Audio Tokens Part 6: Slightly Less Basic

12 Sep 2024 audio-tokens

In our last episode, I had managed to get a dead-simple model to overfit on the sequences when cranking up the number of tokens in the vocabulary. This probably means one of two things (or probably something in between):

The audio tokens have some useful information in them that can be generalized.
The audio tokens have no useful information in them, and the overfitting is just because the model is able to memorize the embedding averages when there are many more embeddings involved.

Let’s bet on the first one for now. Keep the spectrogram and token generation as-is, and try a slightly more complex model. Say hello to SimpleLSTMClassifier.

Running a bidirectional LSTM with embed_dim=128, hidden_dim=256, num_layers=1, and 5000 tokens (also bumping batch size up to 128 from 8 because this is a tiny model):

Interesting. The loss charts have outliers removed, and the differences aren’t very large on the y axis, but they’re still dropping after 100 epochs. mAPs still aren’t great, but for a single LSTM layer, it’s not so bad.

Let’s up the learning rate. It’s at 5e-5, so let’s crank it up to 1e-3.

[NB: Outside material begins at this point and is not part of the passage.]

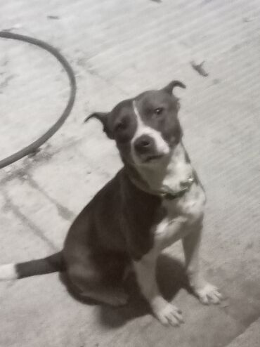 Məhsul: İt (orta-böyük ölçülü, qısa quyruqlı) Təsvir: - Rəng: Açıq-qəhvəyi bədən, üz və sinədə ağ-qara ləkələr - Yaxa və zəncir ilə göstərilib - Orta-böyük bədən quruluşu, güclü ayaqlar, sıx və qa...

train mAP goes to 1.0, val mAP maxes at 0.11 then falls

Now that’s what I call overfitting. Training mAP of 1.0, val peaking at 0.11. At this point I could try some regularization, I suppose, just to see if I can get the val mAP up at all. Or I could try changing the token generation. Let’s go with option 1: regularization. Just to see.

First, let’s throw some dropout into the model after the LSTM layer. Let’s not kid around: 0.5. 200 epochs this time.

train mAP lower and rising, val mAP lower and sinking

train loss dropping, val loss rising, typical overfitting pattern

It dropped the train mAP! Yea! It also dropped the val mAP! Boo!

Time for a break. It may be worth considering switching over to changing how the tokens are generated. I’m unconvinced these tokens have useful information.